Extracted data:
────────────────────────────────────────

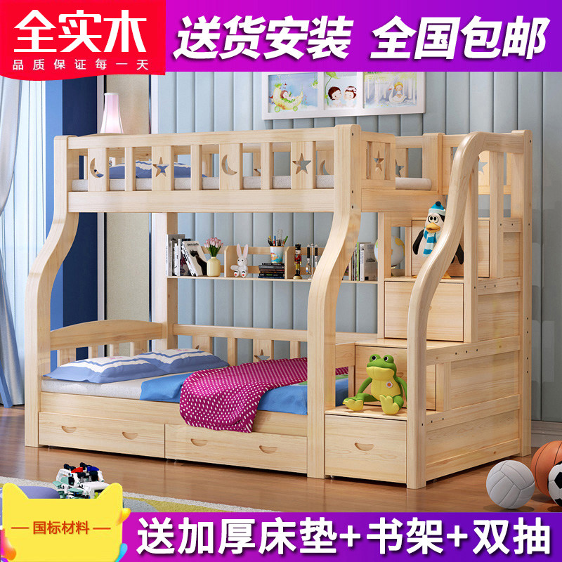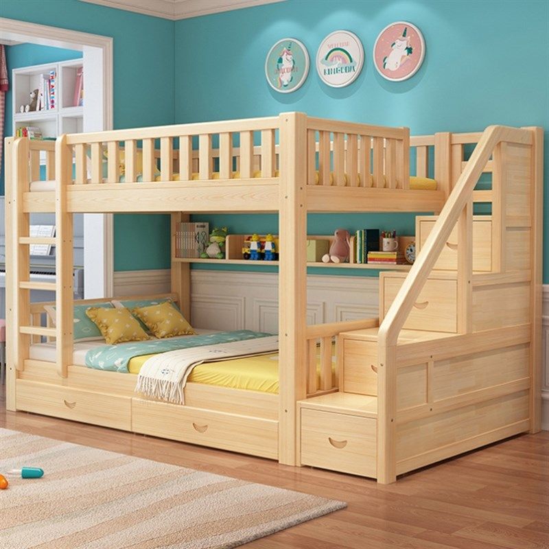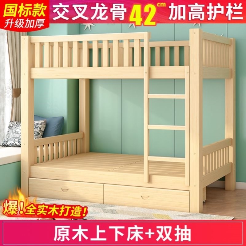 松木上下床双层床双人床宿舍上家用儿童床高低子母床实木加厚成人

────────────────────────────────────────

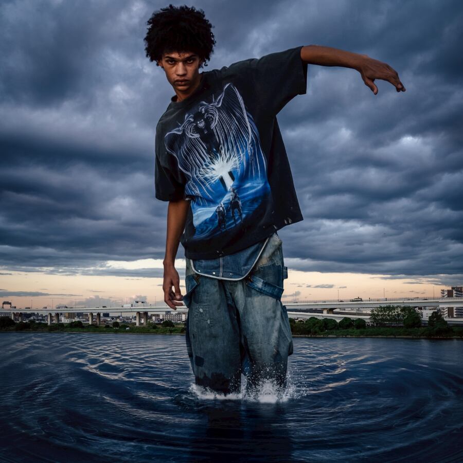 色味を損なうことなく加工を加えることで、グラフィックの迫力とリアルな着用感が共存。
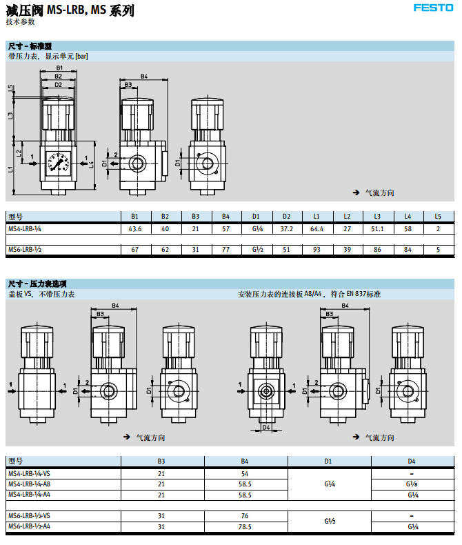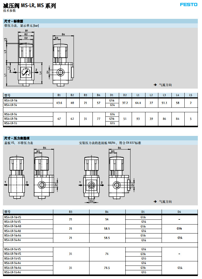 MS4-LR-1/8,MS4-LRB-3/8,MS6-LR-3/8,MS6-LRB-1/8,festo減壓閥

────────────────────────────────────────

Task item: Give back the exact lines above, running from the one that has "色味を損なうことなく加工を加" through the one that has "MS4-LR-1/8,MS4", with nothing added and no pictures.

Response to the exercise:
 色味を損なうことなく加工を加えることで、グラフィックの迫力とリアルな着用感が共存。
 MS4-LR-1/8,MS4-LRB-3/8,MS6-LR-3/8,MS6-LRB-1/8,festo減壓閥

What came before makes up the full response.